Curzio Malaparte would write in a letter to a friend, people who live in Capri do not know, do not realize (until they leave) the paradise they live in. I have not spent a real summer in Capri since 1938. In 1939 I was in Amalfi, back from Ethiopia, with a rheumatism on my right side that was making me suffer horribly. In 1940 I was on Mont Blanc. In 1941 I was in Russia. In 1942 I was in Lapland; and this year I am in Sweden and Finland. And at least this year, I would like to enjoy Capri's summer in my own house, before I become too old.


Casa Malaparte
These views, with their austere beauty, refuting any compromise with coziness, with nicety, do they echo some parts from the interior universe of Malaparte, some of his thoughts, something he was thinking those years? The war would follow, and he would write Kaputt, and then La Pelle.

Malaparte was his adopted name. Just to distance himself from Bonaparte. Curzio Malaparte, futurist, attracted by modern values like all futurists, attracted by fascism like all futurists, keeping his independence of views and conflicting often with the regime of Mussolini, attracted after the war by communism - he embraced the whole spectrum of radical politics while keeping always his critical attitude, his distances, his independence of views.


Casa Malaparte
After the death of Malaparte the house remained neglected and began to decay.

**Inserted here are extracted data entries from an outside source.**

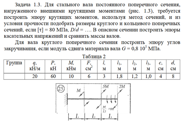 Задача 1.3: Построение эпюр внутренних силовых факторов при кручении
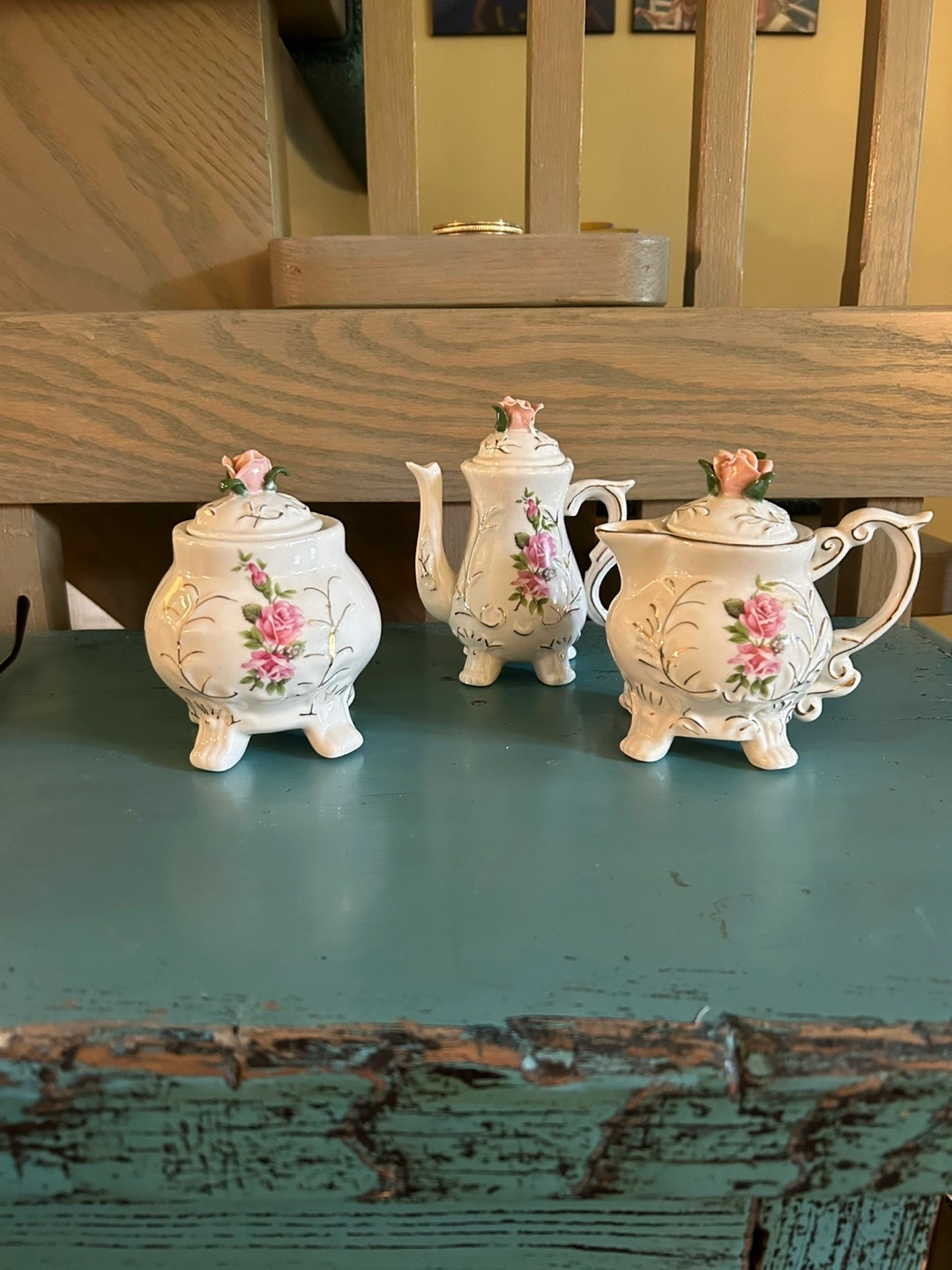 2 Vintage Tea Pots ( Mooreland Minton & Royal Worcester Juliette. Plus 5 Vintage Tea Cups and Saucers. Also included Porcelain Rose Pattern. Creamer ,Sugar Bowl and small pitcher. All items in excellent condition.
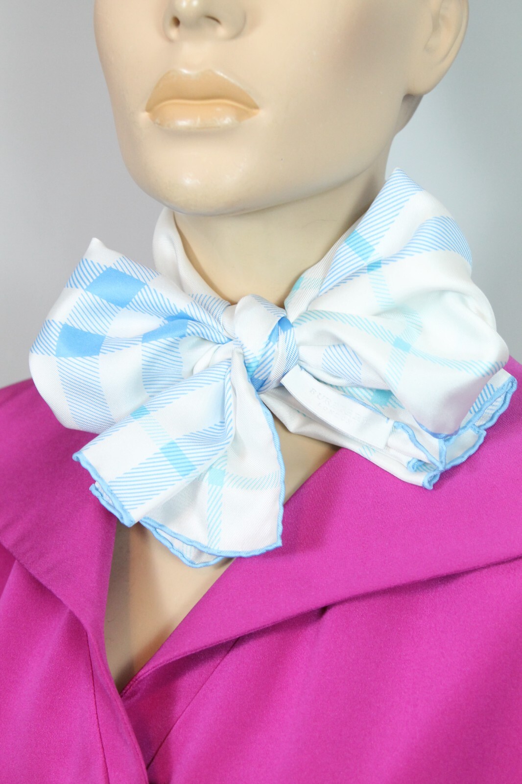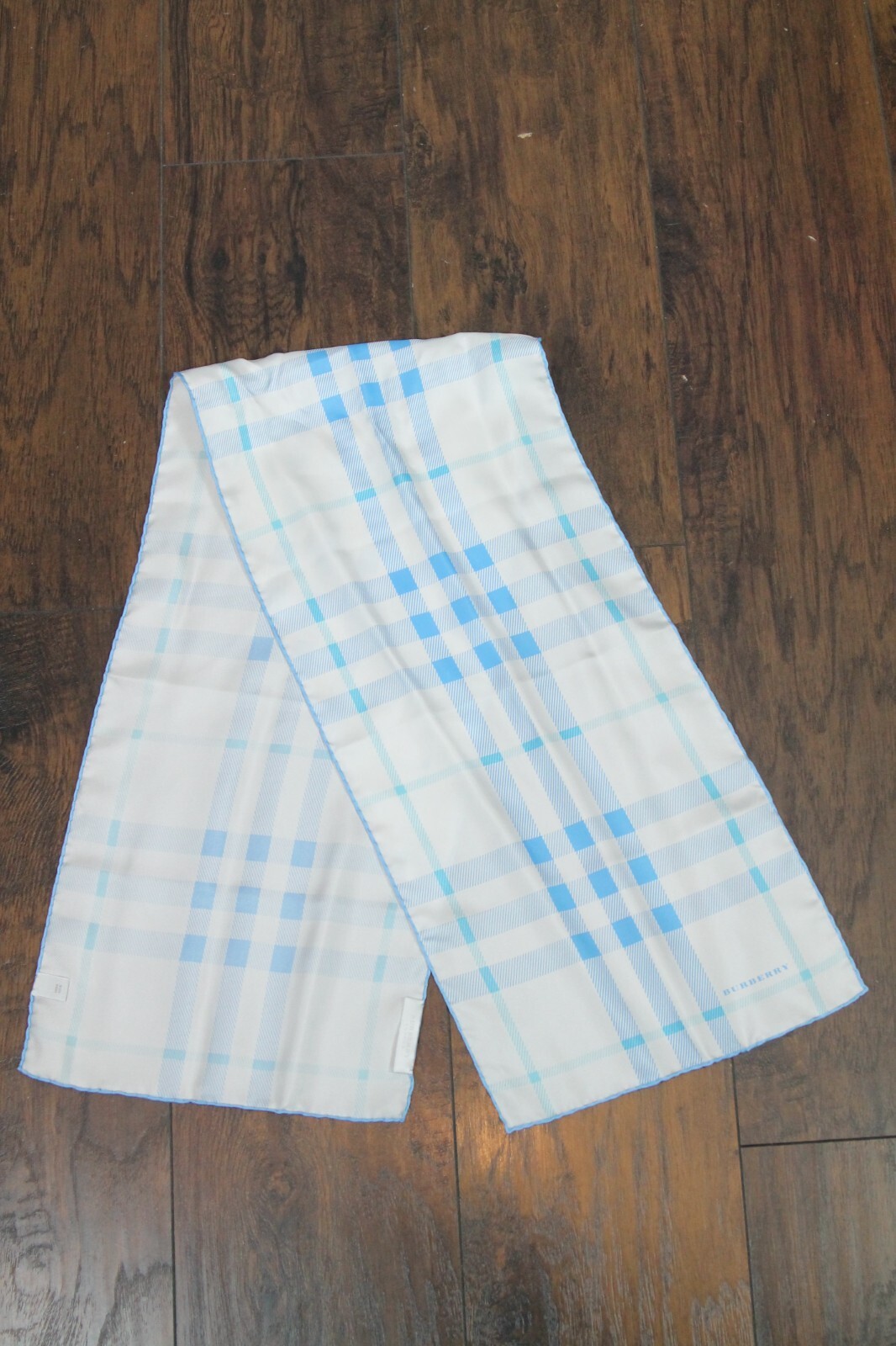 Please consider this authentic luxurious designer BURBERRY LONDON Made in Italy scarf made of pure silk in a white and aqua blue plaid nova check pattern. It is a rectangle shape with handrolled hem. Condition: Pre-owned gently used excellent like new condition (please see detailed pics). Measurements 46" by 11" Please see my other listings on eBay! Track Page Views With Auctiva's Counter
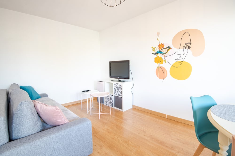 Whether you're coming for business or pleasure, you'll feel right at home in this beautiful apartment suitable for 4 people. It offers a warm and welcoming space, decorated in pastel colors to create a pleasant, cozy atmosphere. You'll find a spacious living room opening onto the kitchen to reinforce the convivial aspect of the place. You can relax on the sofa while watching TV or taking advantage of the Wifi connection. In the evening, the sofa can be converted into a double bed for a good night's sleep. The kitchen is fully equipped for home-style cooking (oven, hob, French press coffee maker, etc.). Next comes the sleeping area, with a bedroom featuring a comfortable double bed, and a bathroom with bathtub. An ideal place to relax after a day of sightseeing or work! For sunny days, a small balcony is at your disposal :) The apartment is located in a pleasant, quiet neighborhood, close to all amenities. It's also well served by public transport, so you can easily explore the region. For your comfort, everything is included in the cleaning fee, and bed linen and towels are provided. So all you need to do when you arrive is put your luggage down. Arrivals are autonomous. Keys are to be collected from a box close to the accommodation and a stone's throw from Tours station. Don't hesitate to book!

It took about thirty years till the first serious restoration was initiated.

Meanwhile, in 1963, Godard shot some scenes here, at the Casa Malaparte, for his movie, Le Mépris. It was fortunate, as it is said that the movie has a great cinematography, with well-choreographed long takes.

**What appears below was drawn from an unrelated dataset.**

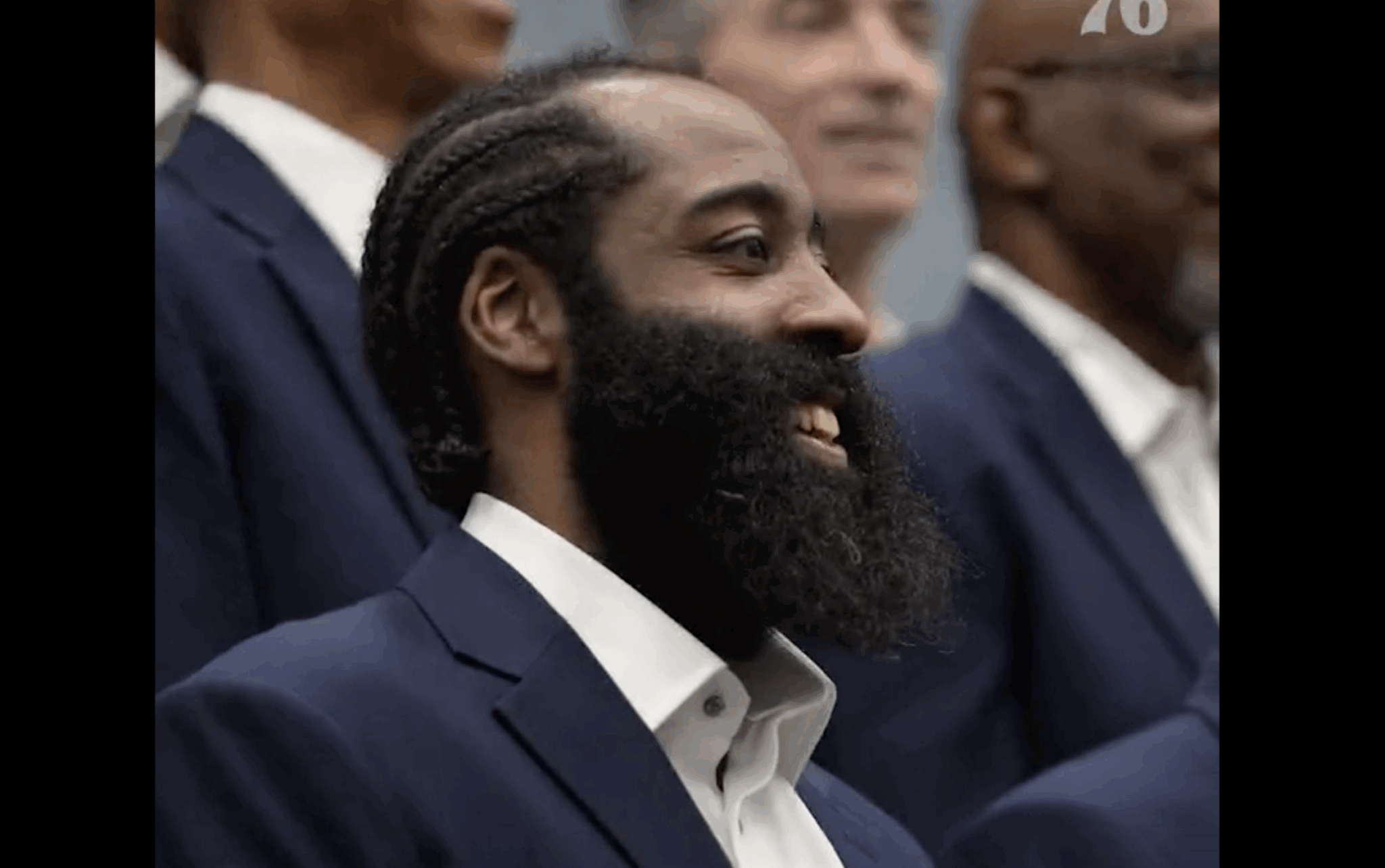 As James Harden lined up in front of the camera, alongside NBA legends, he became the subject of a joke that went viral on Twitter.

I haven't yet see Le Mépris, but I saw another movie that was shot in Capri, Blind Light, with Wolfgang Held as cinematographer. An unexpected gem, would say one of the people who saw it and then made this remark on imdb. I keep it as the most beautiful movie made by Pola Rapaport.


Casa Malaparte



















Look at these two images: the greatness of an Aztec pyramid!

Nothing than trees and fantastic vegetation, sea, wind with the terrible roar of waves, sun or fog or frightening darkness of night; and Casa Malaparte with the severe greatness of an Aztec pyramid: this is the place for Epiphany.


Casa Malaparte

(Avangarda 20)

2 Comments:

  • Beautiful house! But I'm afraid to say that fifth picture doesn't belong to Casa Malaparte but to Tolo House, designed by Álvaro Siza (another masterpiece!)

    Thank you very much for your article

    By Anonymous Alejandro García, at 9:44 AM  

  • Thank you for your observation. I will modify accordingly in the post. Thanks again and have a great day!